The subject and predicate devices also have differences in technological characteristics, such as dimensions and active screen size, display dimension, video input signals, backlight devices, resolution, refresh rate, and standards. We do not consider these differences to make the subject devices less safe and effective than the predicate device for their intended use and we do not consider these differences to raise different questions of safety and effectiveness.
5.7 Non-Clinical Performance Data
The subject devices demonstrate conformance with the following recognized standards:
- . ANSI/AAMI ES60601-1
- IEC 60601-1-2
- IEC 62304
- . ISO 14971
The subject devices have additionally undergone bench testing as part of required performance verification and validation activities.
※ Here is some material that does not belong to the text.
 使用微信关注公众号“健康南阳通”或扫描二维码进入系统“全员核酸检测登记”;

Results show that the subject device has met pre-defined design and performance acceptance criteria. Results of all non-clinical testing support the safety and effectiveness of the subject devices.
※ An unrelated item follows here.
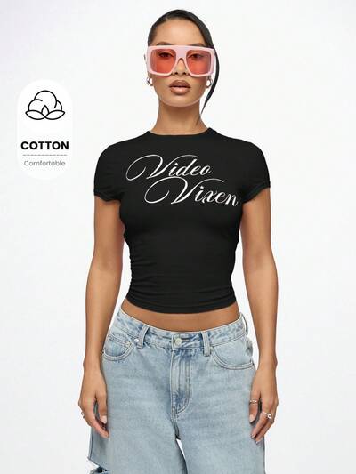 SUMWON WOMEN Video Vixen Short Sleeve Baby Tee Crop Top Y2K Fashion Retro Style Streetwear Urban Club Festival Summer Party Top-10%

5.8 Clinical Performance Data
No clinical data was collected to support substantial equivalence between the subject and predicate devices.
5.9 Conclusions
Based on the above information and all data provided in this submission, the comparison of intended uses, technological characteristics, and non-clinical performance testing demonstrates that the subject devices are substantially equivalent to the predicate device identified in this submission.